IABR-

The IABR is more than a series of biannual events. It initiates Ateliers: open-minded development trajectories, driven by research by design, often spanning several years, always linked to existing urban projects in cities in Holland or abroad, and focused on finding applicable solutions.

IABR–Atelier Istanbul, Workshop in Arnavutköy

picture: IABR

Each IABR edition seeks a new point of view and a new perspective while building on the work of the preceding edition(s). Nothing is needlessly discarded; knowledge and results accumulate, the network grows.
The IABR is continually working on clarifying and presenting the challenges of tomorrow, by positioning design, by connecting thinking to doing, and open research to concrete ventures and existing projects.
As a result, the IABR is now more than “just” a string of bi-annual events, and each event is more than “just” an exhibition.
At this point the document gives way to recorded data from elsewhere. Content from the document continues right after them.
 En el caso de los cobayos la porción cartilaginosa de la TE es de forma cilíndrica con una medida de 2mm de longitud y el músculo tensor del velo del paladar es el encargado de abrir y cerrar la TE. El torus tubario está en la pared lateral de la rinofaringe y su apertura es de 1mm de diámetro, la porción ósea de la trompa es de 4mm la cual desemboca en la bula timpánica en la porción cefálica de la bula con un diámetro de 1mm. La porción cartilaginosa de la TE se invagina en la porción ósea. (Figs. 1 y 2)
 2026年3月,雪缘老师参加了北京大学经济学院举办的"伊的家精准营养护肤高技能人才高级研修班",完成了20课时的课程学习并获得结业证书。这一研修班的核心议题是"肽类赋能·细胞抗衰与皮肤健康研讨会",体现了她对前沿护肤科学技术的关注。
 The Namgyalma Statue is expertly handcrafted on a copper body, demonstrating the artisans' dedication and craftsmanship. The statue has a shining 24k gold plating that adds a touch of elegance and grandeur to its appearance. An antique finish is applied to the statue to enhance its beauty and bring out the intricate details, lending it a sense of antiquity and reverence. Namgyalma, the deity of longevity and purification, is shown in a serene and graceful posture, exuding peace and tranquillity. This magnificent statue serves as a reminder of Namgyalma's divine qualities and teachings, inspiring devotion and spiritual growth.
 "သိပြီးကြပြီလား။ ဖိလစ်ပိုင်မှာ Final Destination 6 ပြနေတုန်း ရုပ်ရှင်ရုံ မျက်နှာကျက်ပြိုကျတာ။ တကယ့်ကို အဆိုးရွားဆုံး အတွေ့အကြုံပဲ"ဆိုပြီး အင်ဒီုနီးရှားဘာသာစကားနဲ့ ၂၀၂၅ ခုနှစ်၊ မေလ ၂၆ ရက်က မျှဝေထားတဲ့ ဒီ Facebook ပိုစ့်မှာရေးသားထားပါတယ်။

Its methodology links the manifestation to long-running research and development projects that we initiate, always in collaboration with municipalities in Holland or abroad, and focused on actual implementation.
These two elements –the biennale proper and the research and development– reinforce each other: the making of city is exhibited, and the exhibition in turn tangibly contributes to the actual process of making city.

methodology
In the course of the 4th IABR: Open City, the IABR first made this working model concrete in a close collaboration with SEHAB, São Paulo’s Social Housing Department. One result of this collaboration was the IABR’s formal inception of the working model of the sabbatical detour, a methodology that links location, research, exchange, presentation, and implementation to one another and makes it possible for urban planning projects to literally make a detour by way of an international exhibition.
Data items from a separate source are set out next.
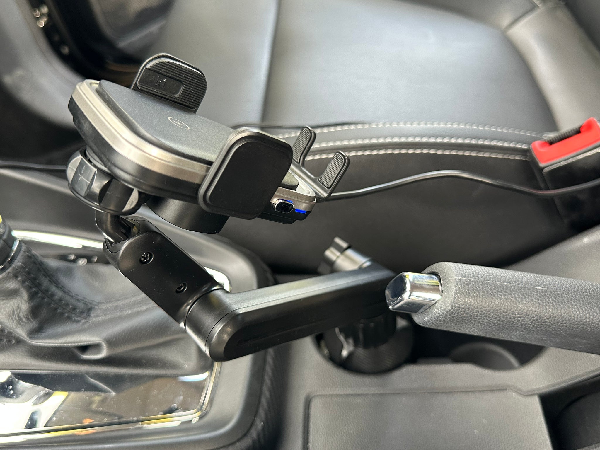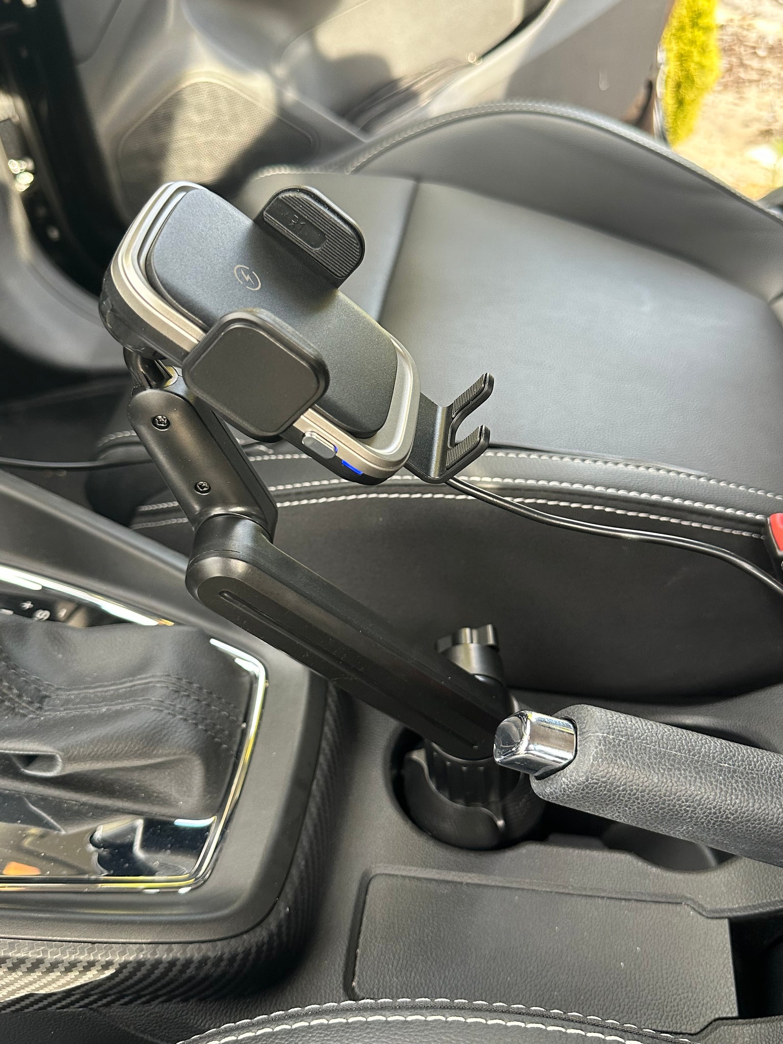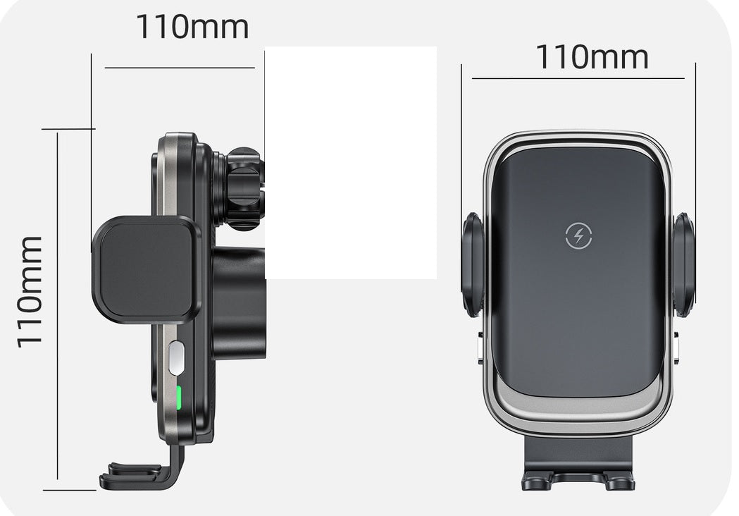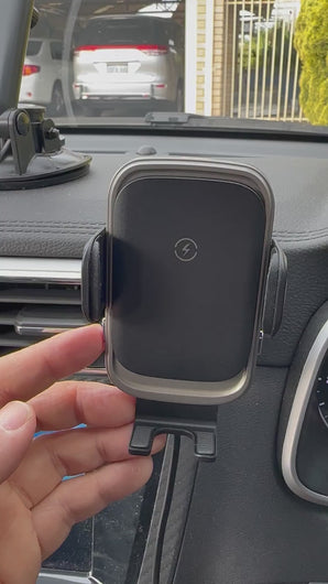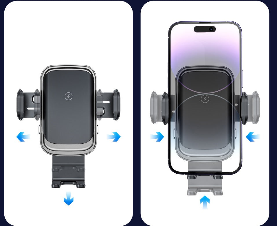 [Smart Sensor Auto Clamping - Hands Free Operation] -- After connecting the cable, put the cell phone into the cordless car charger holder it will Induction by coil induction automatic clamping and start auto charging (supports 4.7-7.5 " cellphones) , touch the two side buttons of the wireless Qi car iphone holder charger can make the arm open. It also support 360 rotation, which is very convenient for driving
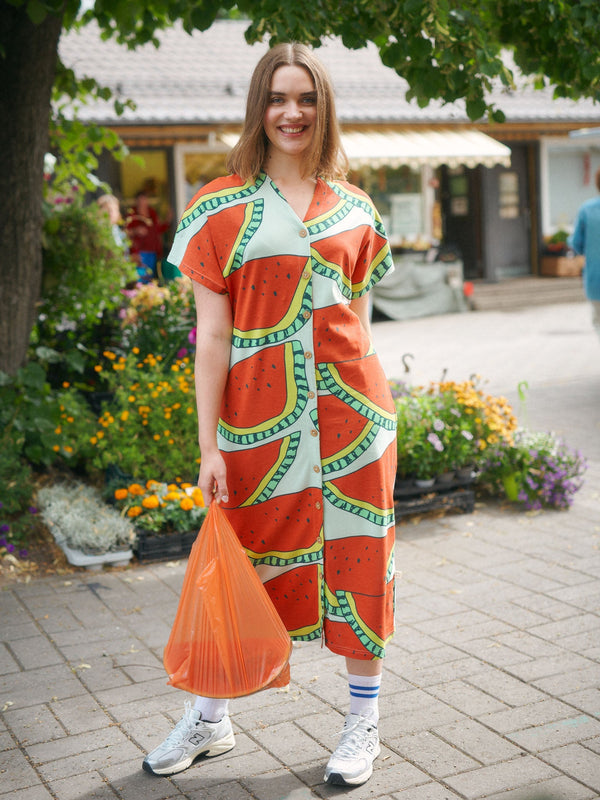 Rento suoralinjainen jersey-mekko napituksella ja irrotettavalla vyöllä. Herkullinen punainen ja vihreä vesimelonikuvio on täydellinen kesäpäiviin.
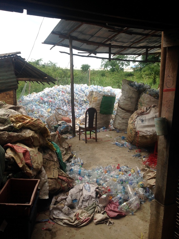 ペットボトルを回収し、ラベルのビニールを外して粉砕機にかけ
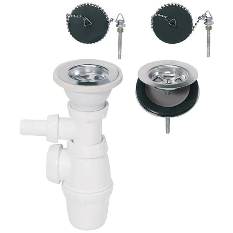 Siphon réglable en hauteur et bondes pour évier 2 bacs communicants Ø60 mm
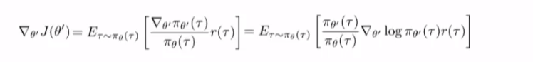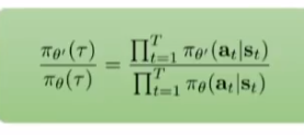 的分布决定。 至此,算法变为了off-policy, 即通过不是该策略产生的数据来训练参数。通过等式可以看出,要通过importance ratio 进行调整。其中 :
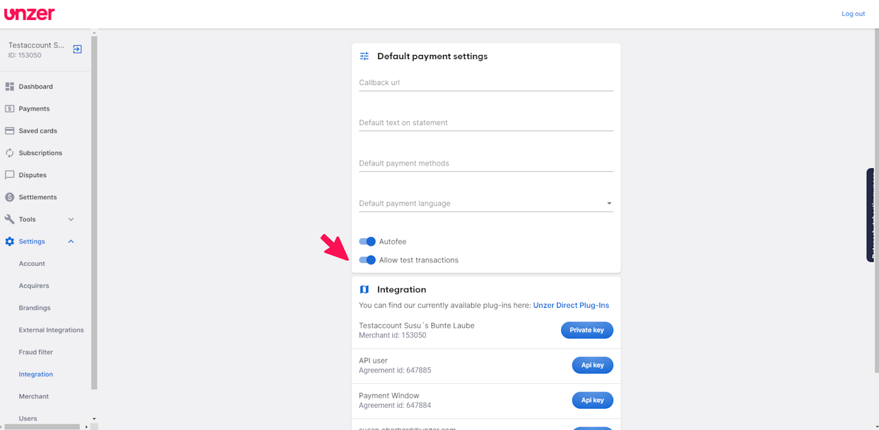 Under Settings > Integration activate the "Allow test transactions" button in Unzer Direct Manager.
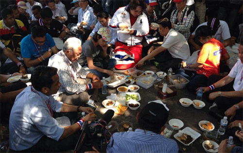 11:53 สุเทพ พร้อมขบวน กปปส. แวะพักทานอาหารกลางวัน ใต้ต้นไทร อาคารเมืองไทยประกันชีวิต รัชดา
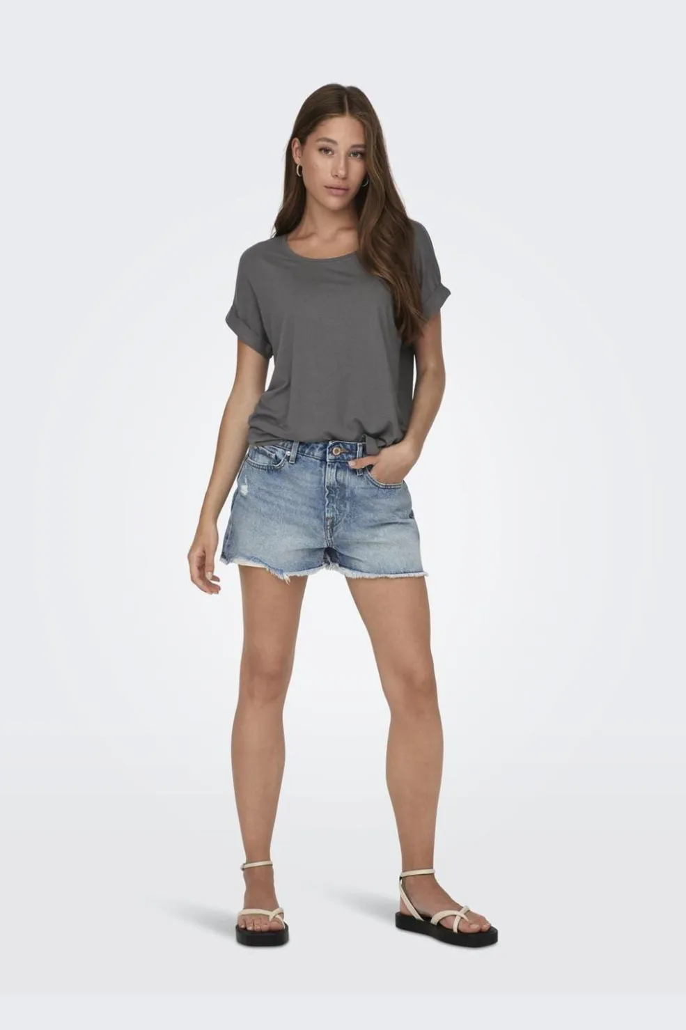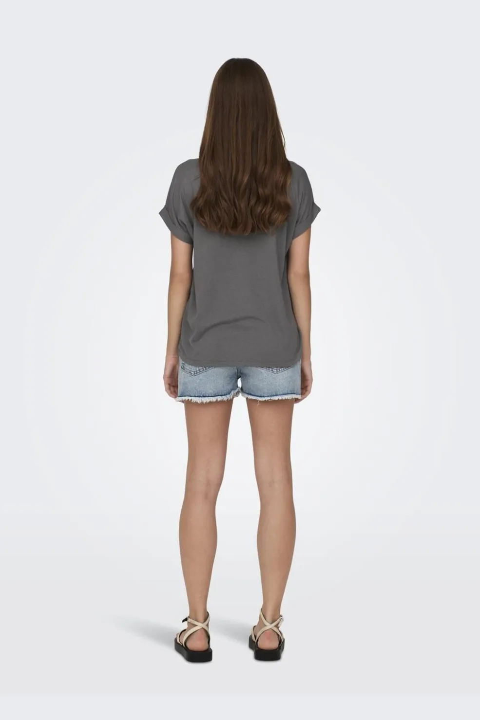 Grå t-shirt fra Only med rund halsudskæring og korte ærmer med opsmøg. T-shirten har en regular fit og er lavet i en blød materialeblanding.

São Paulo became the first IABR Test Site, Rotterdam and Istanbul soon followed. In these three cities the IABR set up Ateliers in close collaboration with local partners. Open and new alliances between urban designers, academics, knowledge centers, businesses, developers and local authorities form the driving forces behind these projects. These were presented to the public in all three cities during the 4th and 5th IABR: Open City and Making City.
Later, IABR also set up Ateliers in Albania, and in Brussels and East-Flanders, Belgium, and, together with the Dutch government, private enterprises and nature organizations, an Atelier that explored the Northsea's potential for large-scale wind energy production by 2050.
The explicit aim of these collaborations is always to actually see the project proposals implemented and realized.

Workshop Atelier Istanbul

partnership with the Ministry of Infrastructure and the Environment
In 2011 the Dutch government decided to take part in the 5th IABR: Making City, with seven nationally important spatial planning projects. In 2012 the Ministry commissioned the IABR to apply the successful sabbatical detour model in the Netherlands.

solution-oriented
The advantage of collaboration between a city and a cultural organization like the IABR is the 'free space for thinking' that is created temporarily, a sabbatical detour in an international setting with the aim of making city differently and possibly better. The formation of new alliances, research and development, the exchange of knowledge and expertise, public debate and presentation on a prestigious platform as well as implementation are riveted together in this model: a guarantee almost for the delivery of alternative approaches, new perspectives and often surprising but always applicable and realistic solutions.